Anna knelt. ‘Claudy.’
The girl looked up at Anna, a line of blood on her cheek. Macky put his thin brown arms around his sister and she burst into fresh sobs.
‘I didn’t do anything,’ she said. Macky whispered something into her hair.
Anna hurried after Charlie, who sat on a fallen tree fifty metres away.
‘What happened?’ said Anna as she approached.
‘It was my turn.’ Charlie’s voice was hard and she breathed shakily.
‘You hurt her.’ Anna tried to dampen the anger in her voice. ‘You really hurt her. What were you thinking?’
From the corner of her eye, she saw Macky help Claudy up and walk her towards the creek. Anna should go and comfort them, apologise. She was meant to be the adult.
Charlie exploded. ‘Fuck off!’
Anna felt a rush of fury to her head. She shouted, ‘Don’t you dare talk to me like that! Don’t talk to me like that and don’t ever hurt Claudy again. She’s not going to want to play with you now.’
Charlie glared back at her, her face red. ‘It was my turn.’
‘But you don’t hit, Charlie! You just don’t!’
She was overreacting. Stop, Anna. She lowered her voice but it was still sharp. ‘You never hurt someone.’
Charlie said, very softly, ‘Fuck off.’
Anna spun around and walked away from the girl. She wanted to scream, How dare you? How dare you, after all I’ve done for you?!
She heard a small noise behind her and turned to see Charlie weeping. Anna sighed and crossed to sit beside her. She put her arm around the girl but Charlie shuffled out of reach. Anna didn’t know if she should try to comfort her or leave her alone. She had absolutely no idea what a girl like this needed. And there was no one to ask. She shouldn’t have yelled. She was barely better than Gabby and Harlan.

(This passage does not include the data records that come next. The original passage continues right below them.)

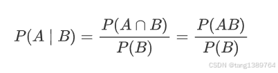 设Ω为样本空间, A和 B 是两个事件,且 P(B)>0。事件 A 在事件 B 发生的条件下的条件概率 P(A∣B) 定义为: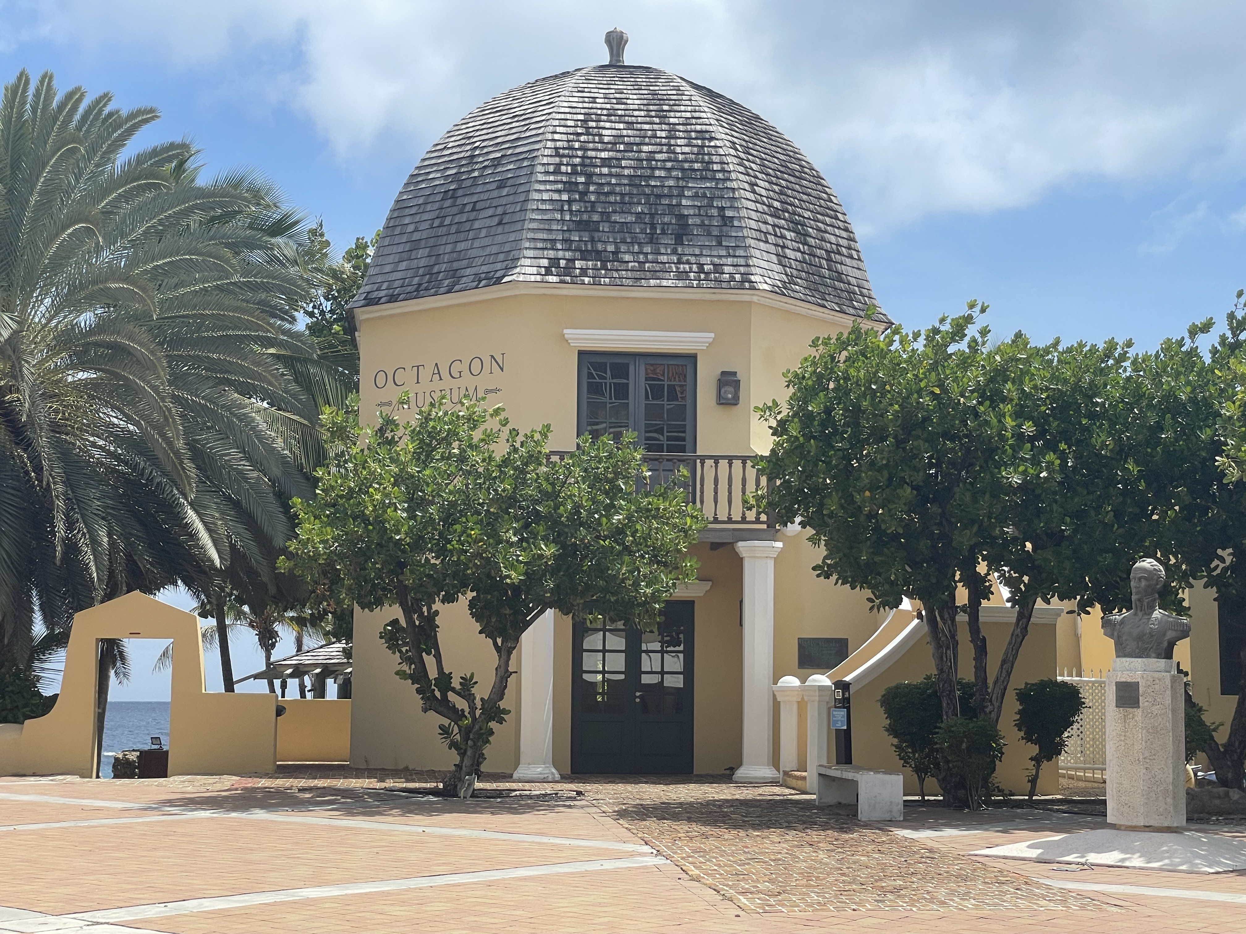 Hier das achteckige Haus, in welchem Simón Bolívar in Curaçao untergekommen war. Es ist heute ein Museum bei der Hotelanlage des Avila Beach Hotels, wo wir uns befinden.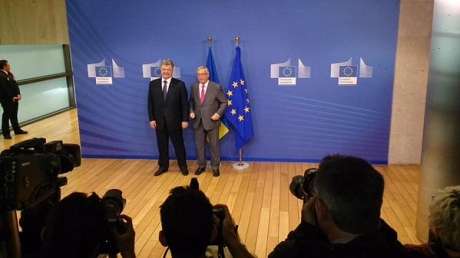 | Порошенко и Юнкер начали переговоры в Брюсселе (фото из Twitter) |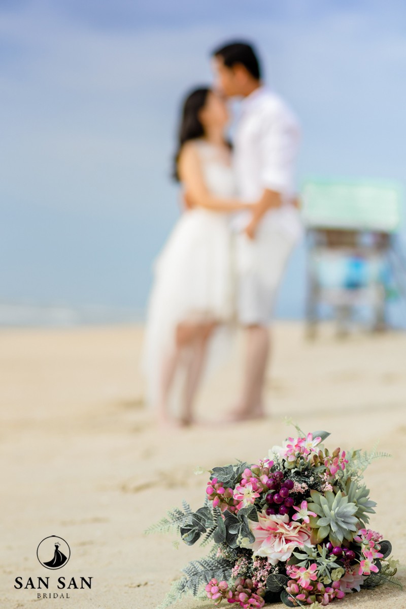 Dĩ nhiên hoa là đạo cụ không thể thiếu, một bó hoa cầm tay cho cô dâu. Hoặc chuẩn bị thêm giỏ hoa cho những concept đã lên ý tưởng.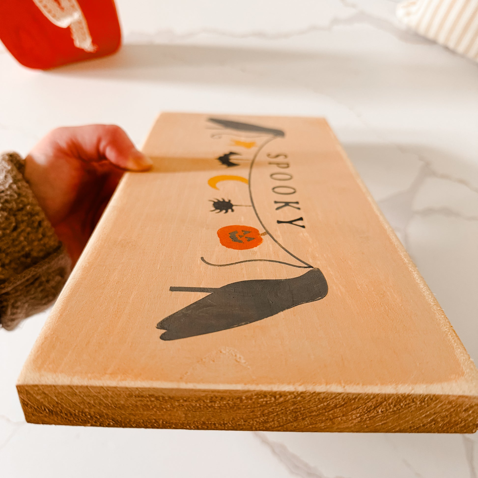 Add a touch of spooky charm to your home with this rustic Halloween wood sign! Featuring black crows holding a festive garland with a star, bat, moon, spider, and jack-o-lantern, this handcrafted sign makes the perfect accent for your fall mantel, shelf, or entryway display. Each sign is painted and finished by hand, giving it a cozy, one-of-a-kind look for your seasonal décor.

Over at the creek, Claudy was involved in some game with the others, but Anna sensed a cold shoulder from them. Charlie had unreasonably wounded one of their own. After a few minutes, they drifted downstream, out of sight. Anna could barely hear their voices over the burble of the water.
Anna shouldn’t be surprised that Charlie would be so savage with Claudy. Someone had likely done the same thing to Charlie before. Would she always carry the neglect and violence in her? If it was impossible to scrub away altogether, was it also too late to be layered over with good experiences? What a fantasy to think that a bit of time away from the violence would heal years of trauma.
Anna knew she was out of her depth. All she could do was love Charlie and help her feel safe. For now.
‘I’m sorry for shouting, Charlie.’
The girl gave a small shrug. Anna retrieved a towel from near the fire and draped it around Charlie’s shoulders. Anna wondered if Charlie was also listening to the kids going further away.
‘Let’s go back to the fire,’ she said. Charlie walked behind her and sat on the log that Macky had used at lunchtime.
Anna added a couple of sticks to the fire. ‘Do you want some of Beatie’s lemon cake?’
Charlie nodded. Anna cut her a slice; the cake was moist and flecked with poppyseeds.
The tea had been stewing away in the billy and would be bitter but Anna needed caffeine.
‘I’m just going to get the milk from the creek,’ she said. She retrieved the small jar of milk wedged between two roots, and glanced downstream. The big pool was empty. The kids were gone. They’d left a few of pieces of crumpled clothing on the sandy bank.
Back at the fire, Charlie sat with the towel around her shoulders, eating another slice of cake.
‘Would you like a game of noughts and crosses?’ Anna asked. They played it at the cottage in the evenings. Charlie shrugged, but picked up a stick and drew a grid in the sand, and shoved the last of the cake into her mouth.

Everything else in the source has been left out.